* Work required:
In the records below, the relevant part opens with the line containing "KONG Squeezz Ball" and closes with the line containing "365电子娱乐官方网站外国语学院2026年硕士研究生招生第一志愿复试名单"; print that part exactly and only, without its pictures.

(Items from a data source)
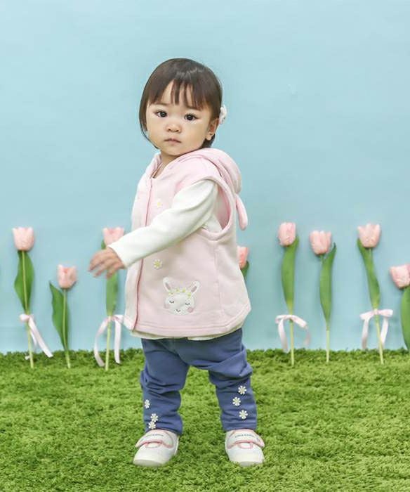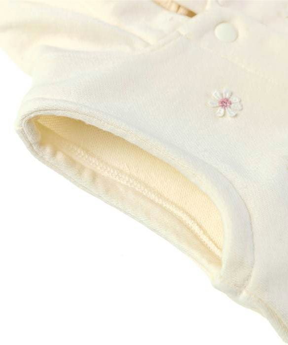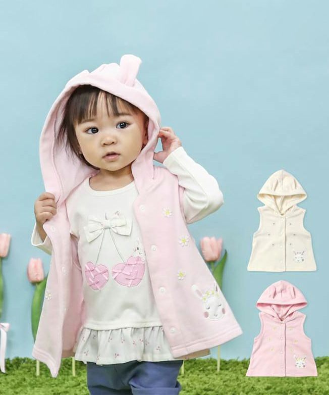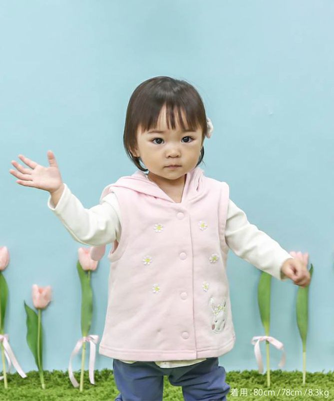 ■ブランド coeur a coeur ■アイテム ベスト ■素材 本体/綿100% 花レース部分/ポリエステル100% ソフト裏毛×カラー花レース ■サイズ 80/90/95/100
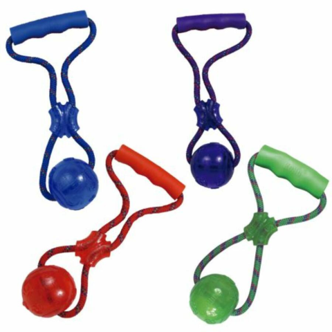 KONG Squeezz Ball with Handle zafír M (6,3cm x 31,7cm)
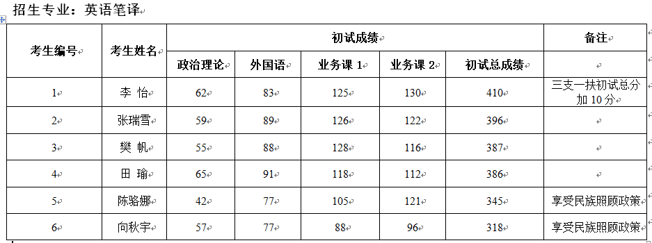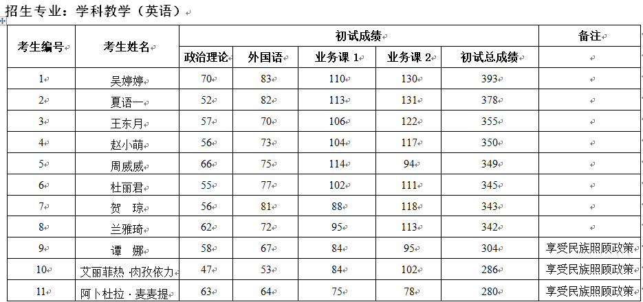 365电子娱乐官方网站外国语学院2026年硕士研究生招生第一志愿复试名单
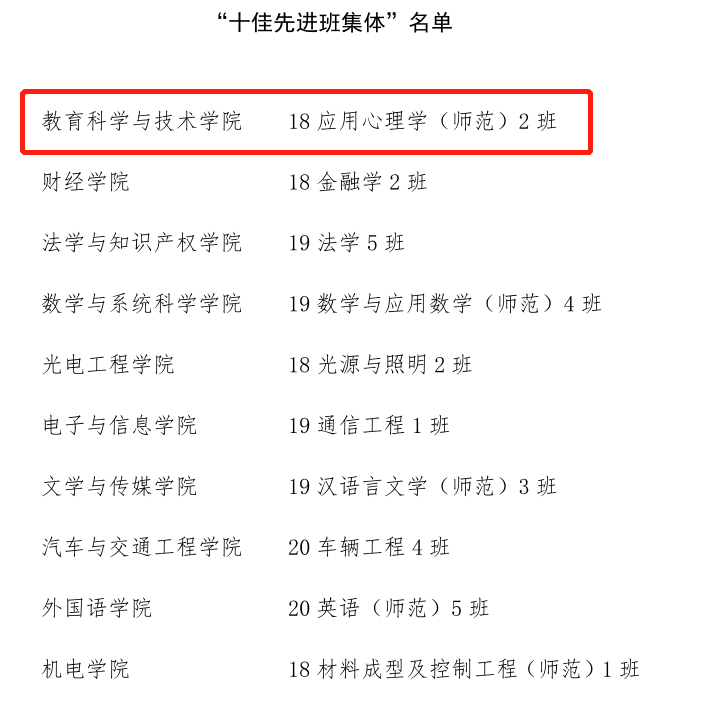教育科学与技术学院历来始终高度重视班级建设,以班级建设为基础培育良好班风、学风,不断丰富班级建设内涵,打造良好育人环境。在此次评选活动中,学院在班级自主申报的基础上,遴选出思想引领深入落实、班级文化特色鲜明、学生工作扎实有序的优秀班集体参与学校“十佳先进班集体”评选。今后,我院将深入总结先进班集体创建工作经验,进一步推动党团班一体化建设,以典型带动全体,进一步落实立德树人根本任务。
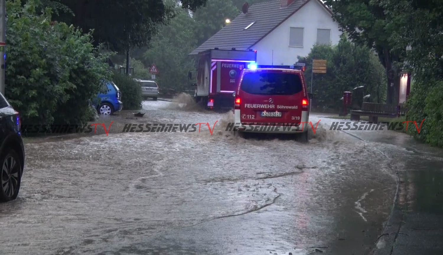 Nordhessen – Am Dienstagabend gegen 20 Uhr zogen schwere Unwetter über Söhrewald und Lohfelden. Schnell stiegen die Bäche an und die ersten Keller liefen voll. In Lohfelden-Vollmarshausen trat der Wahlebach über die Ufer. Mehrere Keller entlang des Baches liefen voll. Auch ein Discounter war betroffen. Straßen waren zeitweise unpassierbar. Die Feuerwehr aus Helsa und Kaufungen wurden zur Unterstützung nach Lohfelden alarmiert. Bis spät in die Nacht waren die freiwilligen Helfer im Einsatz. Im Video berichten Augenzeugen, was sie erlebt haben:

* Reply:
 KONG Squeezz Ball with Handle zafír M (6,3cm x 31,7cm)
 365电子娱乐官方网站外国语学院2026年硕士研究生招生第一志愿复试名单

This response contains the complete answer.